Data supplied >>
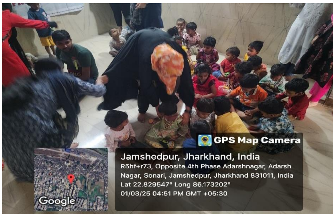
PIC 2 - STUDENTS ARE SHARING CHOCOLATES AND TOYS WITH THE KIDS
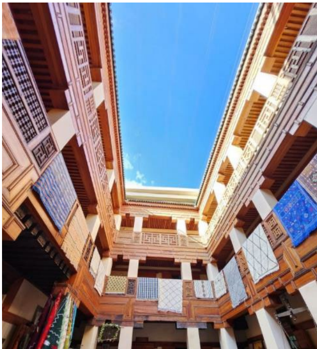
The City of Fez, Morocco.
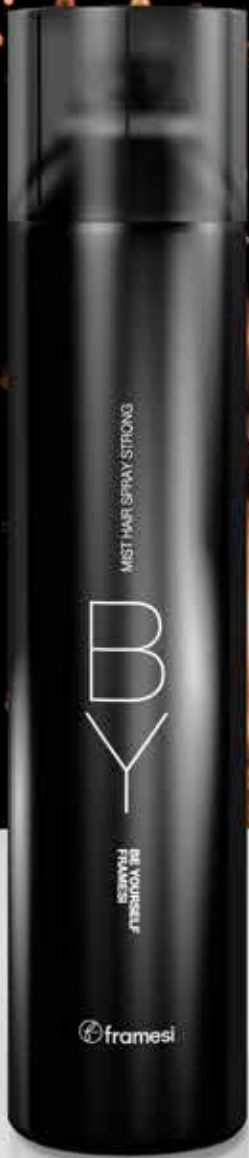
Mist Hair Spray Strong strong hold hair spray
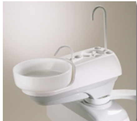
The Cuspidor is easily removed for daily cleaning and infection control
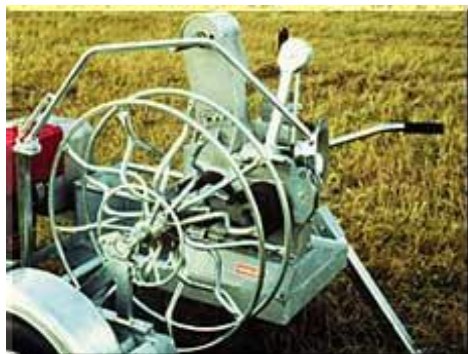
The drum here is a split drum for dismantling old line
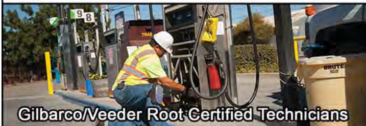
Gilbarco/Veeder Root Certified Technicians
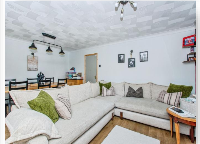
Clarence Road, Wisbech PE13 2ED
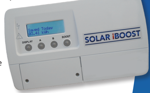
Dims: 260 x 130 x 64mm Wt: 505g

"It's great to get home and find you've got a tank of free hot water!" Adam & Su Payne
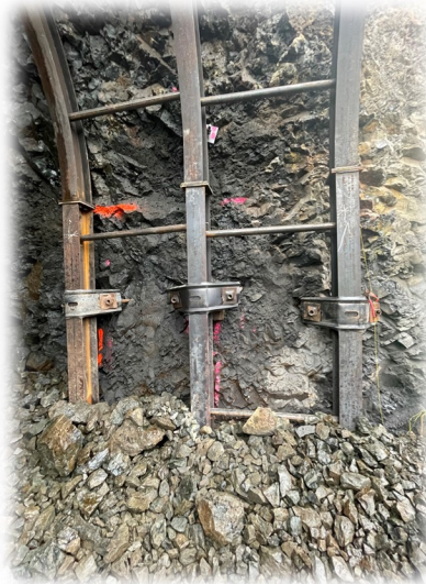
Left: Steel sets secured by mine straps
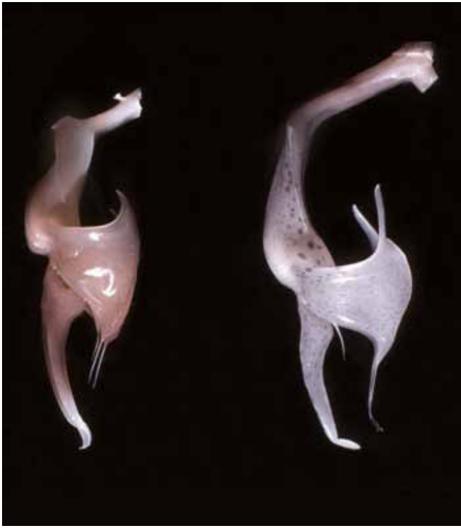
Lateral view of the lips of Embreea herrenhusana (left) and Embreea rodigasiana (right) (from preserved material)
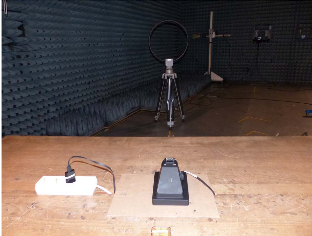
Photo 1: Test setup for radiated measurements (Enclosure, below 30 MHz, intentional radiator §15.209, ANSI C63.10)
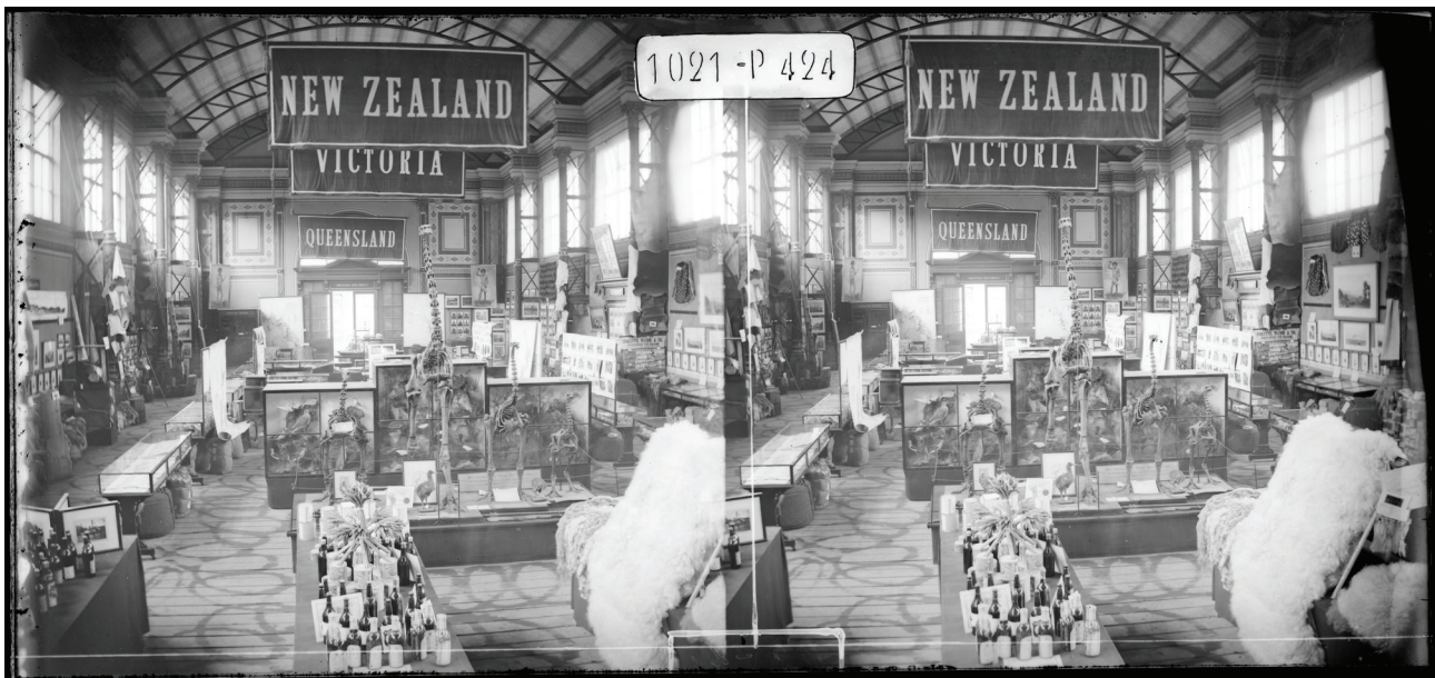
Figure 3. The New Zealand Court at the World Exhibition in Vienna 1873, “Photographen Assoziation”. Österreichische Nationalbibliothek/Austrian National Library

this presentation by Hochstetter and, in the context of volcanoes, he also referred to Haast’s moa skeletons, which he praised as also being particularly suitable phenomena for representing changes in the earth’s surface.
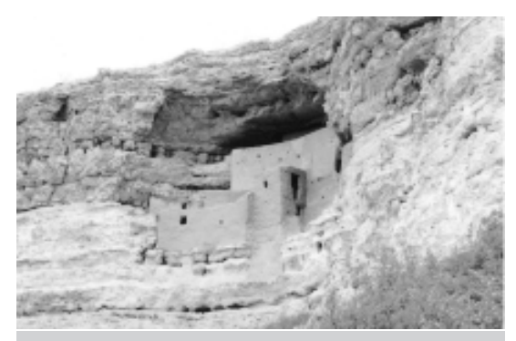
Prehistoric cave dwellings at Montezuma Castle National Monument one and a half hours north of Phoenix

hoenix is fun and a stroll through old Scottsdale is a wonderful way to spend a morning. But if you have any extra days in Phoenix, try taking a trip up to see some of the sites of northern Arizona. Take I-17 north and you will reach Montezuma Castle National Monument in about 80 minutes. There you can see the remarkable cave dwellings of prehistoric Sinagua Indians dating back to the 15th century. Stroll around the monument and visit the information center to learn about these industrious cave dwellers of the past who mysteriously disappeared from the area.
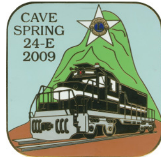
PTCV 2010 Pin

Dues are only $7.50 per year which makes it easy to write a rounded dollar check if 2, 4, 6-years are paid at one time!
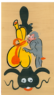
Monkey Trying to Catch a Catfish with a Gourd ( Hyotan namazu ), Otsu-e, ink and colors on paper scroll, 43 x 25 cm (17 x 10 inches), Paper size: 72 x 25 cm, Early-Mid 20 th century.
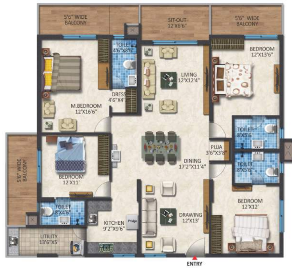
Flat No. 1 - East - 4BHK 2580sft
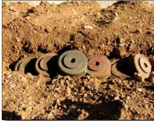
Six antitank mines before blasting
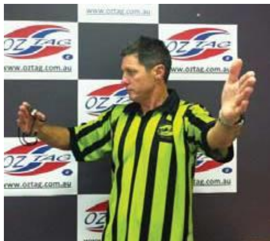
Offside – Stage 2
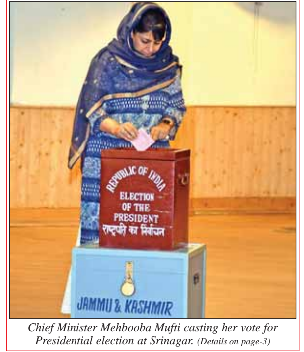
Chief Minister Mehbooba Mufti casting her vote for Presidential election at Srinagar. (Details on page-3)

STATE TIMES NEWS SRINAGAR: Finance Minister Haseeb Drabu on Tuesday set mid-August as the operational target for traders in the state to migrate to the GST as he directed the administration successfully implement the new tax regime. "The biggest deterrent in the implementation of GST was the apprehension within the business community about erosion of the state's fiscal autonomy which has been taken care of," he said during a meeting here. "Now, the government functionaries at district level must take traders, businessmen, small scale industries and consumers on board for smooth transition from VAT to GST and they should achieve these targets by mid-August," he added. Drabu set the immediate operational target to achieve cent percent registration of businesses under GST and directed the district administrations to work towards successful implementation of the new tax regime in the state which will be beneficial for the consumers. "All stakeholders should register for the GST which is not just a tax number but business identification number that will strengthen the trade and establish them within their respective sectors, market places and CONTD ON PAGE 9
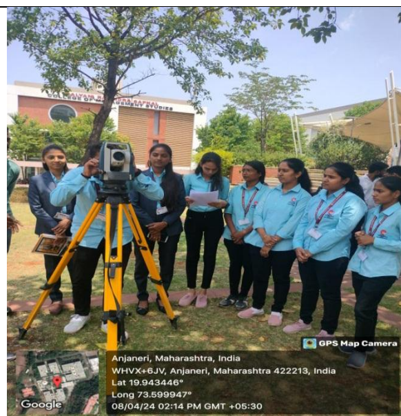
Students while preparing maps using coordinates and interpretation of data
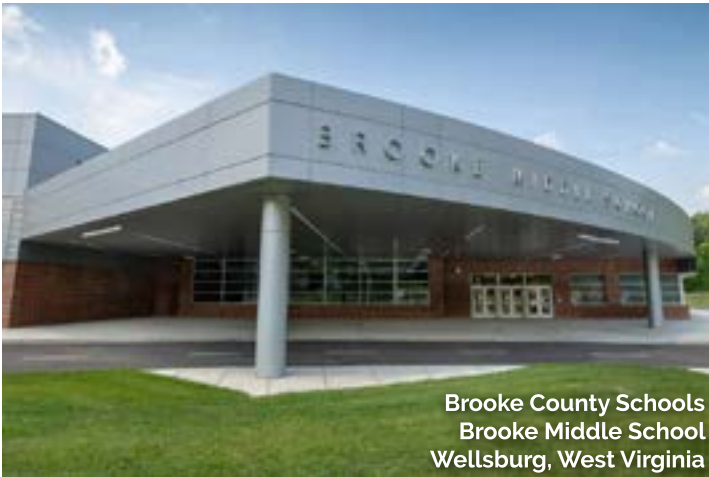
Brooke County Schools Brooke Middle School Wellsburg, West Virginia

Architects + Engineers + Learning Environment & Educational Facility Planners + Energy Efficient "LEED" Designers + HVAC Commissioning Process Provider + Interior Designer + Historic Preservationist + Construction Administrators
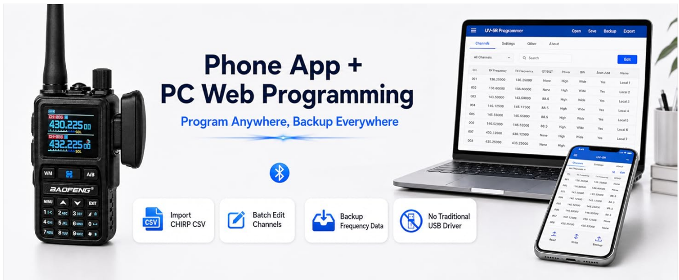
Image: Programming your radio by phone using the Ola Radio app to read, write, and backup channels.
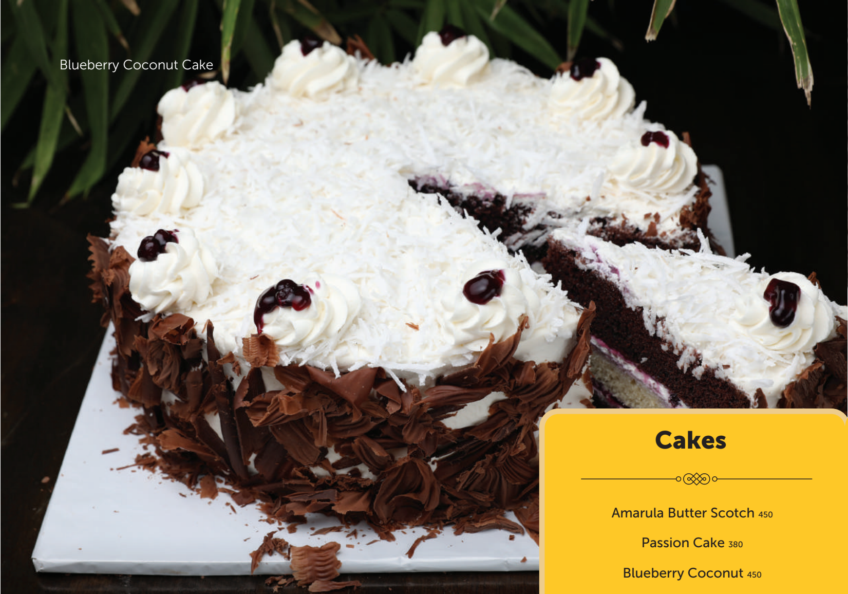
Blueberry Coconut Cake
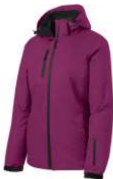
Port Authority® Ladies Vortex Waterproof 3-in-1 Jacket
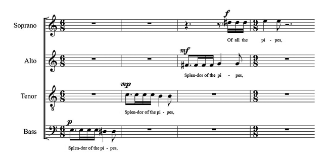
Example 5 The begging of Sofia Gubaidulina's Interlude (Movement 4)

In contrast to the previous movement, in this movement this study discovers a responsive type of psalmody, with calls and responses between the soloist and
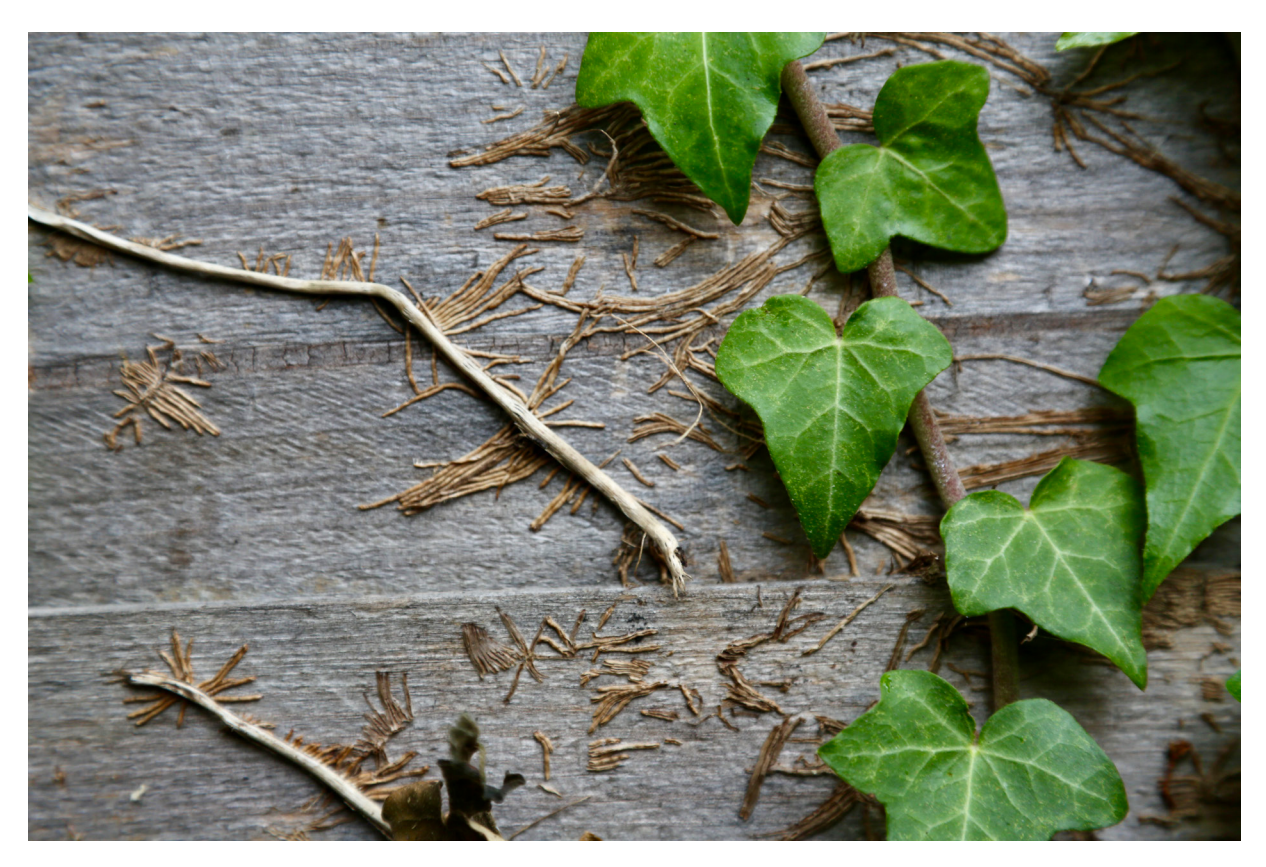
Figure 9. Attachments or ivy on my garden fence.
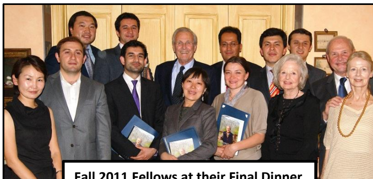
Fall 2011 Fellows at their Final Dinner

During their six week fellowship program they had over 60 meetings with a wide variety of U.S. business leaders, government officials, journalists, and academics. Meetings included time spent with such fine
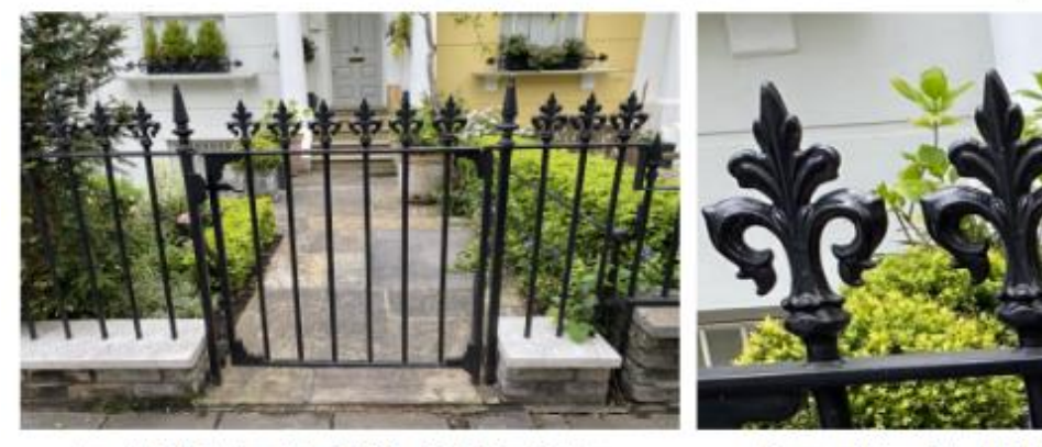
Low Wall & Coping at No. 20 SP with Existing Railings

Problem >>
Scan the material above for the string "Monument", and copy every line where it is found.

Answer to the problem >>
Prehistoric cave dwellings at Montezuma Castle National Monument one and a half hours north of Phoenix
hoenix is fun and a stroll through old Scottsdale is a wonderful way to spend a morning. But if you have any extra days in Phoenix, try taking a trip up to see some of the sites of northern Arizona. Take I-17 north and you will reach Montezuma Castle National Monument in about 80 minutes. There you can see the remarkable cave dwellings of prehistoric Sinagua Indians dating back to the 15th century. Stroll around the monument and visit the information center to learn about these industrious cave dwellers of the past who mysteriously disappeared from the area.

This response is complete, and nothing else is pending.